TO DO:
Your output should be everything below from the line containing "Kolczyki złote serduszko z cyrkonią z boku" down to the line containing "Here is a color", both ends included, copied exactly, with pictures left out.
### DATA FOR THE TASK ###
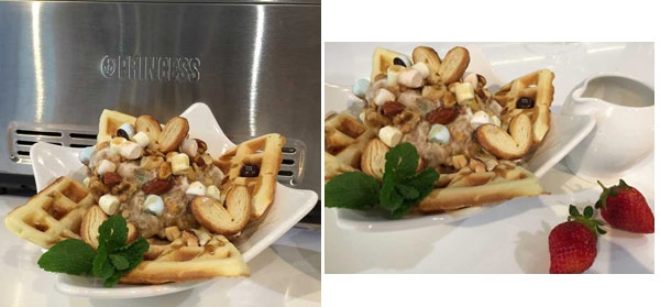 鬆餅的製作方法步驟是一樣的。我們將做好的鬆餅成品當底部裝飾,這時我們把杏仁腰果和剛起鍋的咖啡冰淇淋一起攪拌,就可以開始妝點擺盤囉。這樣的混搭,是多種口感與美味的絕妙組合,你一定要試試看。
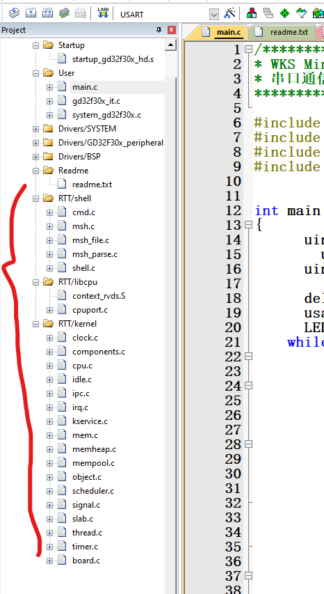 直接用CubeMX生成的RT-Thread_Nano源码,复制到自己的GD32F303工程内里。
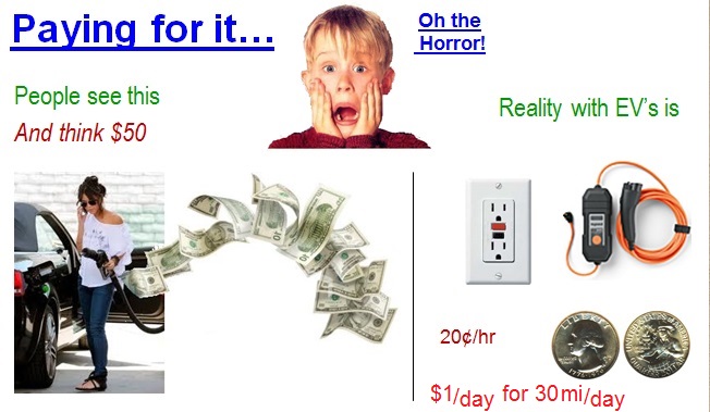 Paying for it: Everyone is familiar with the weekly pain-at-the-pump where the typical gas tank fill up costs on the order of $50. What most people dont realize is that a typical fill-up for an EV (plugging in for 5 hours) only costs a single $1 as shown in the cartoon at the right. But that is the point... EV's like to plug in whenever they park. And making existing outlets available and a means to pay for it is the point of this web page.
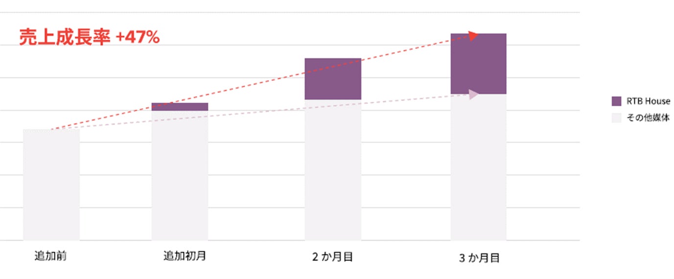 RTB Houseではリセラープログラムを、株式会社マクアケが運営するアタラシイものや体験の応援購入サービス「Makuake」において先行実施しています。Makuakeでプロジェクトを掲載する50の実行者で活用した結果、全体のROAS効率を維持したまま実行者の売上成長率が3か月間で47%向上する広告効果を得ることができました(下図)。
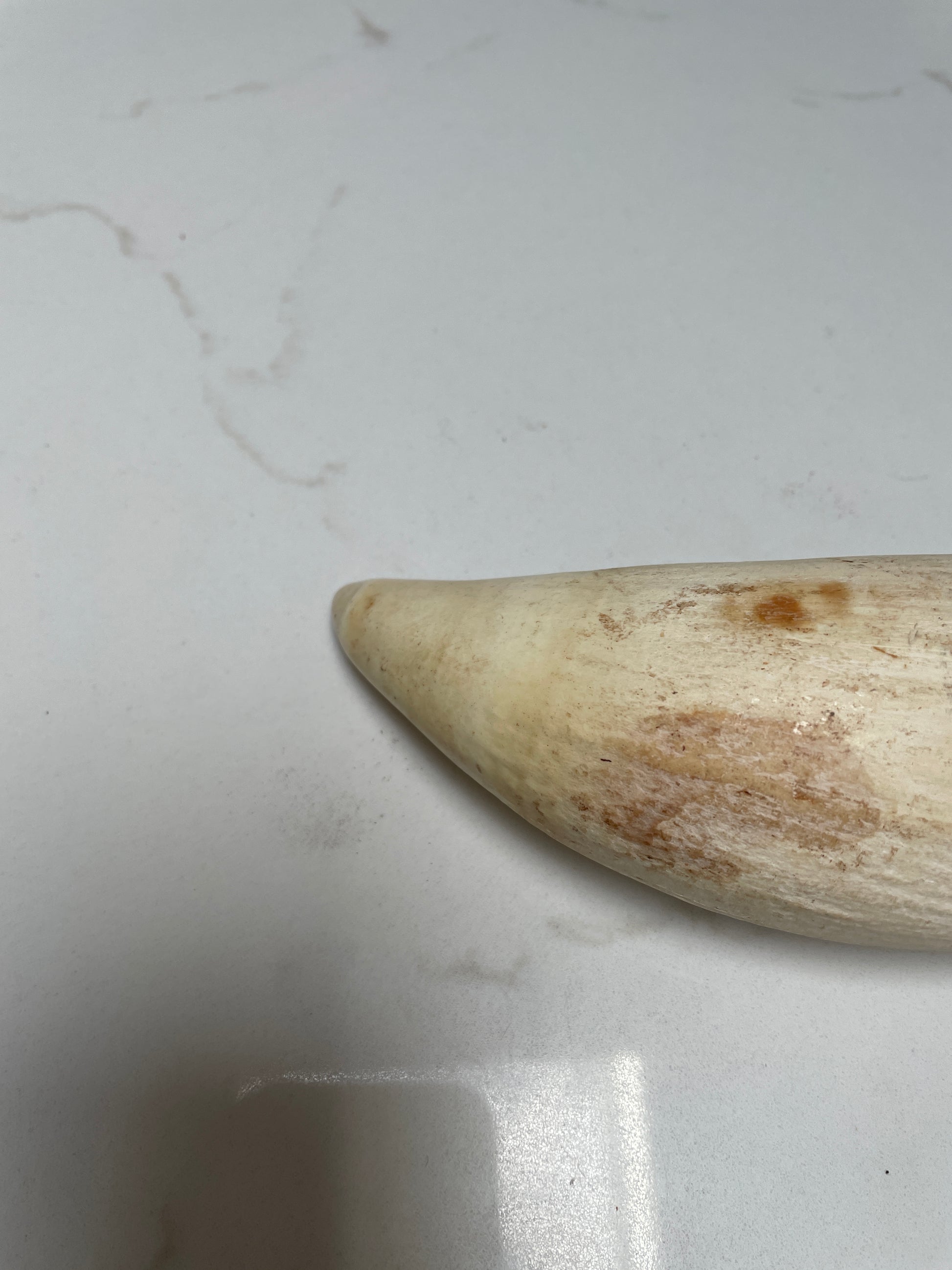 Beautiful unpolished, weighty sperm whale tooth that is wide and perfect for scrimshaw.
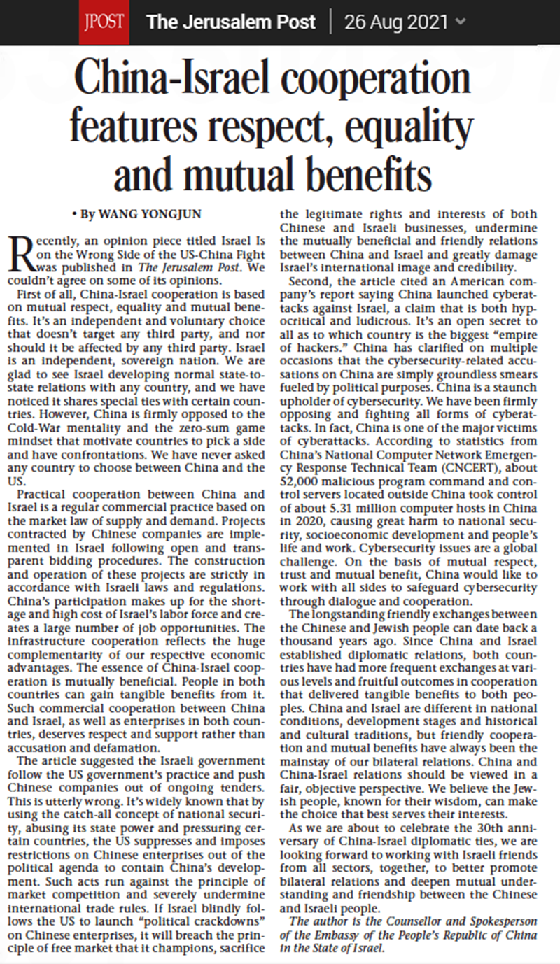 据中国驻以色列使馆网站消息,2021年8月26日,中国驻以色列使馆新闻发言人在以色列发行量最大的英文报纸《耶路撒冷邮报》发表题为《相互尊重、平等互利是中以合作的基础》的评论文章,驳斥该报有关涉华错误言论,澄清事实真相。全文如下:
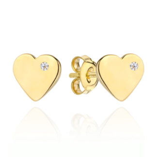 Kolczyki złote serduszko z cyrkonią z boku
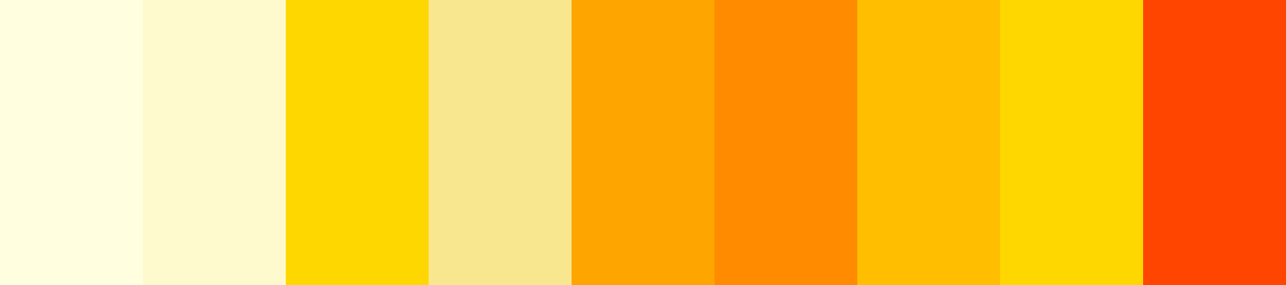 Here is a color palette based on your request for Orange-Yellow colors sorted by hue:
###
### DATA FOR THE TASK ###
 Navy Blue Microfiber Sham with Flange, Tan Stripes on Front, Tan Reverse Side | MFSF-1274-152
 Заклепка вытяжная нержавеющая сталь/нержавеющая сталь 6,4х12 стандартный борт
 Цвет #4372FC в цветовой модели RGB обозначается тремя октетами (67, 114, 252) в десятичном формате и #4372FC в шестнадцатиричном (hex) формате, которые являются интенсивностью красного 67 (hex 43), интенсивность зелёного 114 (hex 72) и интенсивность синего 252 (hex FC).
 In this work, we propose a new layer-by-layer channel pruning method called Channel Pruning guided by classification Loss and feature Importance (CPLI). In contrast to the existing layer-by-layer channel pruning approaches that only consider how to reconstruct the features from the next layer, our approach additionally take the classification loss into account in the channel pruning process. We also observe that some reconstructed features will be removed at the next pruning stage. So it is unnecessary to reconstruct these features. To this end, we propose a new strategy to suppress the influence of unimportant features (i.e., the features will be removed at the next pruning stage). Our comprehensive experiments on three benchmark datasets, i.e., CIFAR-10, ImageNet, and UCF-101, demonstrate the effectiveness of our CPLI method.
###
FINISHED EXERCISE:
 Kolczyki złote serduszko z cyrkonią z boku
 Here is a color palette based on your request for Orange-Yellow colors sorted by hue:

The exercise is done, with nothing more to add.